The critical distance diagrams representing WRAcc-based comparisons are presented in Fig. 8.

Fig. 8
figure 8

WRAcc results for enrichment based on components

We observe a similar algorithm distribution compared to community-based partitioning in terms of absolute ranks. The best maximum WRAcc scores were obtained by rules and terms, based on the BioMine induced network. Similar rankings are obtained when mean WRAcc is considered. In both diagrams, the combination of a rule learner, BioMine network and the reduced ontology significantly outperform the IntAct-based approaches (Rules (BMN + GOslim dominates). A similar ranking of algorithms is obtained when the best minimum WRAcc is considered, i.e. the rule-based approaches are among the top three. We discuss the results obtained in this section in more detail in Section 7.

CBSSD with component partitioning: IC results

Similarly to the community-based partitioning, we further investigate the information content (IC) of individual approaches when component-based partitioning is considered (Fig. 9). The maximum IC results similarly to the WRAcc based measurement yield the rule-learning, augmented with the BioMine network and GO Slim ontology as the best approach (Rules (BMN + GOslim)).

Fig. 9
figure 9

IC results for enrichment based on components

Interestingly, the use of IntAct network in terms of IC for all three score variations (min, max, mean) yielded better results, compared to WRAcc in previous section. Three out of four best performing approaches in terms of mean IC leverage GO Slim as the background knowledge database, which indicates reduced ontologies have high potential for explanatory tasks.

CBSSD with component partitioning: coverage results

Similarly to community-based network partitioning, term enrichment outperformes rule learning coverage-wise (Fig. 10). This result indicates the network partitioning does not influence the algorithm’s performance in terms of coverage. The difference in coverage is possibly due to different types of rules compared (exclusively single term rules—EASE-based enrichment vs. multi conjunct rules).

Fig. 10
figure 10

Coverage results for enrichment based on components

A possible explanation for the observed result is that finding interesting higher order rules is a challenging task, and compared to terms, fewer rules are identified. We further observe that using GO Slim (reduced ontology) as the background knowledge, rules which cover larger portion of the input set emerged. This result is expected, as GO Slim consists of less, more general terms compared to whole GO.

Results summary

The presented quantitative results indicate the dominance of term-based approaches in terms of coverage. Using community based partition on networks with different types of nodes has proven beneficial both in terms of WRAcc and information content. We conclude that using multiple different types of nodes—multiple views—increases the partition qualities and results in better rules. The run time of individual experiments was observed to be between 10 minutes and up to ten hours. For example, testing the epigenetics input list by first incrementally constructing the BioMine subgraph, followed by component-based partition detection and semantic rule learning, finished in 14 minutes on an Intel(R) Core(TM) i7 (870), 2.93GHz processor with 16GB of RAM and an Ubuntu 18.04 operating system. Here, majority of the time was spent on rule induction. On the contrary, community detection (C++ implementation of InfoMap, 500 iterations) on the IntAct network took almost three hours on the same machine, followed by hours of rule induction. We added approximate analysis of the computational complexity of individual steps, as well as additional experimental time measurements as part of Appendix C.

The average number of rules that Hedwig found over all data sets is 7. Note that this number is expected to vary when the beam size and the search depth are tuned.

Qualitative CBSSD evaluation on two life science use cases

This section demonstrates the use of the CBSSD methodology on two real world data sets from the life science domain. First, we consider the properties of amino-acid variants within protein binding sites, followed by cancer related transcription factors identified in the context of epigenetics.

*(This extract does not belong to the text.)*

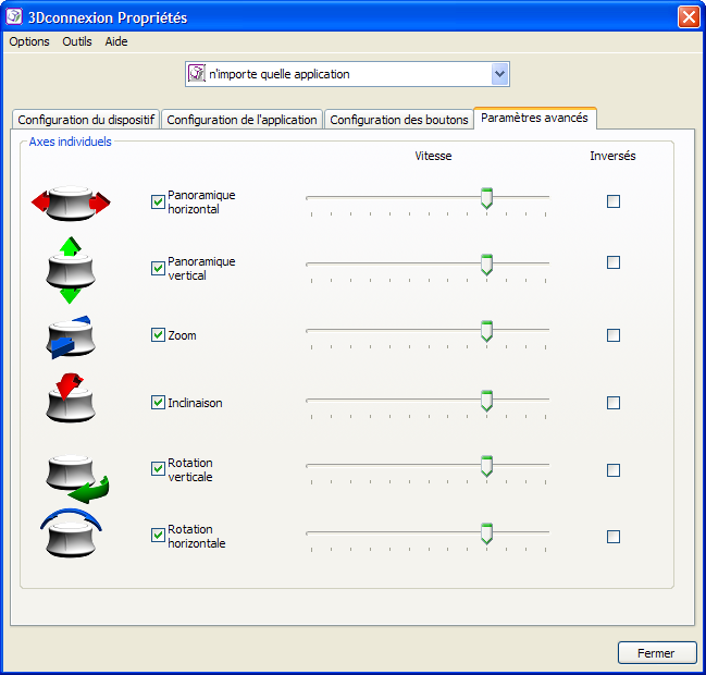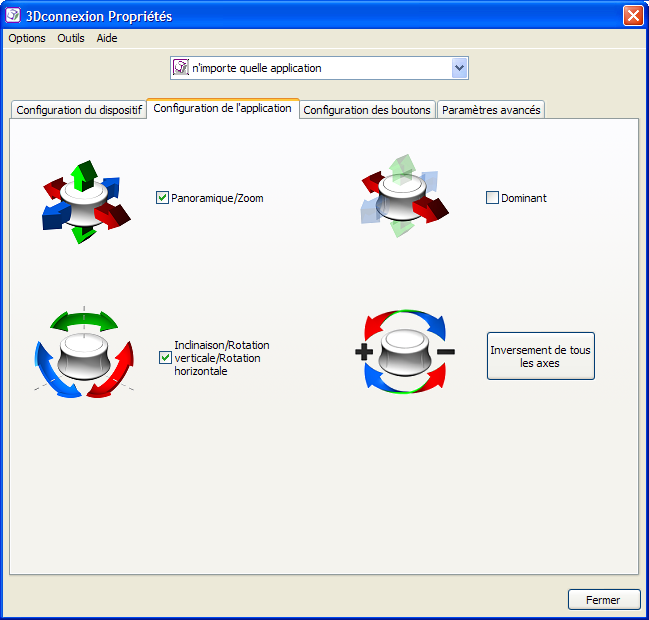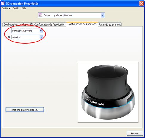 Le bouton de gauche doit être configuré avec 'Panneau 3DxWare' qui affiche ce menu de configuration.

Discovery of properties of proteins with single amino-acid variants present in the binding sites

Sequence variants are nucleotide or amino acid substitutions that can lead to unstable protein interaction complexes and thus influence the organism’s phenotype (e.g., induce a disease state). There are two main types of variants: polymorphisms or germ-line variants that are heritable, and somatic mutations that appear in somatic tissues without previous genetic encoding. Although it was demonstrated that variants within biological interactions can be associated with disease occurrence (Škrlj et al. 2017; Škrlj and Kunej 2016; Schröder and Schumann 2005; Kamburov et al. 2015), currently there are no studies of this phenomenon aimed at discovering new subgroups of proteins associated with variants within interaction sites at a more general level.

We use the results from a previous enrichment analysis study (Škrlj et al. 2017) for comparison with the CBSSD methodology. Enrichment analysis in the context of this study is concerned with the identification of single significant terms, associated with the studied phenomenon. The results are compared based on the terms appearing in both approaches, i.e. terms found as a result of enrichment analysis as well as as a result of semantic subgroup discovery. As the two compared approaches are fundamentally different, the intersection of both results is expected to be only a few highly significant terms).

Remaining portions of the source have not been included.